Use a small piece of wire to "feel around" to verify how close to a roof rafter you might be.

Drill 2-3/4" (depending on mast diameter, leave a little wiggle room) hole up from the bottom, check clearances, drill hole from top, remembering to drill straight down, not at the angle of the roof.

If you don't want to mess with the roof top, get a roofer to do the boot for you.
Remember to slip the boot over the mast before attaching anything to the mast.

If I was paying for a new service, I would expect all new.


----------



## Slay301 (Apr 23, 2018)

Why don’t you just bend a 6” offset to go around the soffit


----------



## J F Go (Mar 1, 2014)

See if a carpenter or roofer will help you out. This is how I have done it a few times on old roofs.


----------



## Dennis Alwon (May 9, 2009)

Slay301 said:


> Why don’t you just bend a 6” offset to go around the soffit


Of course you are a commercial/industrial electrician to say that. haha Most resi guys don't have hydraulic benders and beside how would you support the service drop if you went around the eave. It wouldn't be strong enough.


----------



## wiz1997 (Mar 30, 2021)

Slay301 said:


> Why don’t you just bend a 6” offset to go around the soffit


Because it looks like you don't know what you are doing.
Statement made by a commercial/industrial electrician.
Residential is side money.

My soffits are 24" wide, an offset for that would be just ugly.
And the meter can would be way below required height.

Some utility companies require 2" rigid conduit no matter what size wire is used from the weatherhead to the meter can.

Most eve boards are thin and don't make secure attachment points.
Just about all the service goosenecks I replaced were attached to the eve boards, which ripped out during a storm or rotted away.

Easier to drill holes in the roof. IMO

Be brave, just drill it.


----------



## 99cents (Aug 20, 2012)

wiz1997 said:


> How do you plan on supporting the mast while you remove the meter can?
> Leaving the mast in the boot while wrestling with getting the conduit loose from the meter could easily damage the rubber boot.
> The older the boot the more likely you will damage the boot.
> Now you have a potential leak point.
> ...


The mast should be clamped in two places so it should stay in place when the meter socket is removed.

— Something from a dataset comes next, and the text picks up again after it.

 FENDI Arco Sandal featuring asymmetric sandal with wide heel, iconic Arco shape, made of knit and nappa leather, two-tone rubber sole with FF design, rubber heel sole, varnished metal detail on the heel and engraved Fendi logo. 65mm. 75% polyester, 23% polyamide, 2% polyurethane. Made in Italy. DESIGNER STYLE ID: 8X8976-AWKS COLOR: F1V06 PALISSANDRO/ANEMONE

What I can’t figure out is the upgrade to 125A with a 2” mast. Why not 200A?


----------



## Slay301 (Apr 23, 2018)

Dennis Alwon said:


> Of course you are a commercial/industrial electrician to say that. haha Most resi guys don't have hydraulic benders and beside how would you support the service drop if you went around the eave. It wouldn't be strong enough.

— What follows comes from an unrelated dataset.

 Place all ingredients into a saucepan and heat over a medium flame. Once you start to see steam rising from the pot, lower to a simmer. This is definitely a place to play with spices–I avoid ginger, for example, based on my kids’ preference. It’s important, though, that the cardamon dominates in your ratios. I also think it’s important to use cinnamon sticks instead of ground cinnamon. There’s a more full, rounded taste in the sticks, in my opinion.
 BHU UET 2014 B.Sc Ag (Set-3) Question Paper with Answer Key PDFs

Actually I am a well rounded electrician I don’t commercial, industrial, and residential. If it makes dollars it Im there not limiting myself to one style of work. But, we just have prefabbed offsets for services sitting at the shop. And I’ve never had a problem with them not being supported enough. Just use 2 minis and tie it back to the roof even ones that go through the roof we tie back to the roof. If your charging 2000$ + for a service you can atleast put up a new mast. I would ask anyone who does a bunch of services why wouldn’t they have some offset mast laying around for when storms roll through. We keep a minimum of 10 pipe services in stock at the shop at all time. From the wire to the meter to the panel and mast


----------



## joe-nwt (Mar 28, 2019)

I've never done an offset service mast or even seen one for that matter. If I'm going to poke a hole in a roof it's going to be for a mast with a proper boot/flange, not a guy wire.


----------



## 99cents (Aug 20, 2012)

There’s no need to be timid about drilling a hole. If you hired a roofer, he would go up there with an axe and be up and down in under five minutes. The boot allows wiggle room. After you do the first one, you won’t have any hesitation.


----------



## joe-nwt (Mar 28, 2019)

99cents said:


> The boot allows wiggle room.


Very generous wiggle room has been my experience.


----------



## FL JW (Jul 16, 2021)

J F Go said:


> See if a carpenter or roofer will help you out. This is how I have done it a few times on old roofs.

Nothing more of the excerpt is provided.